The next step was undertaken in July 2013, when the NDRC announced a two-tiered city-gate price system for 29 provinces. The price controls for all types of gas supplied by pipeline switched from the wellhead to the city gate. Prices for offshore, domestic and imported LNG and unconventional resources became exempt from price controls unless delivered via regional pipeline networks. CNOOC received exclusive rights to buy offshore gas from independent producers.  Prices in the municipalities were defined by a base demand and the price of incremental gas volumes.  Natural gas consumption exceeding the 2012 level was classified as the ‘incremental volume’. The price of natural gas consumption beyond the ’base demand’ was indexed to the import price of mazut and LPG in Shanghai at a ratio of 60:40 with a discount of 15%. The price in each region was weighed by the transportation costs from Shanghai and the purchasing power in each region.

Therefore, in each region, the price ceiling and the base demand price were at a different level.

In 2015, the NDRC announced that China officially ended its two-tier gas pricing system. The ‘incremental’ city-gate prices were cut and the factual city-gate prices were raised in every province in order for the two different gas prices to converge.  In 2017, the NDRC announced a new stage in its natural gas market reform: regulation of non-residential city gate price is now to be removed.

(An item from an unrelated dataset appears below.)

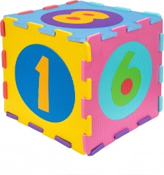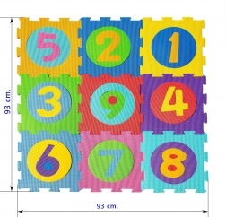 Każdy element maty zawiera cyfrę, która może pomóc dzieciom w nauce podstawowych umiejętności matematycznych.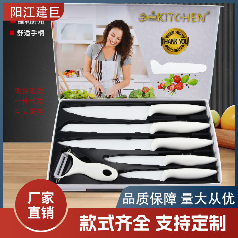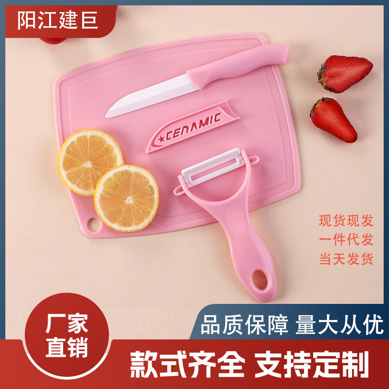 源头厂家陶瓷水果刀三件套双面吸彩卡包装带菜板瓜刨刀具套装

Gas companies are encouraged to gradually split sales and pipeline businesses to promote a market-based pricing mechanism and the government is only to step in when abnormal price fluctuations occur.  Finally, at the end of 2017, it was announced that the creation of a Chinese gas index is one of the priorities, and there are two exchanges now trading natural gas: Shanghai and Chongqing. These developments suggest that the Chinese natural gas market moves toward a principally new stage in its development. As summarized below (Figure 2), the movement is logically geared towards the market pricing of natural gas.

Figure 2. Natural gas pricing reform in China: Chronology

What will be the outcomes for the regional and global gas markets? Firstly, it is important to mention that China has created a set of pre-conditions for competitive price discovery (removal of regulated prices). Secondly, China is currently making steps to launch a gas price index. If such an index earns the trust of outside players, it may serve as the regional index as well. Therefore, changes in the national gas market of China can have a transformative influence on the regional gas market structure.

Energy market and state energy company reform in South Korea

Together with Japan and China, South Korea is one of the largest players in the LNG market, and until 2017 it was the second largest importer of LNG after Japan, until overtaken by China. Currently, the natural gas market in Korea is also experiencing some changes. 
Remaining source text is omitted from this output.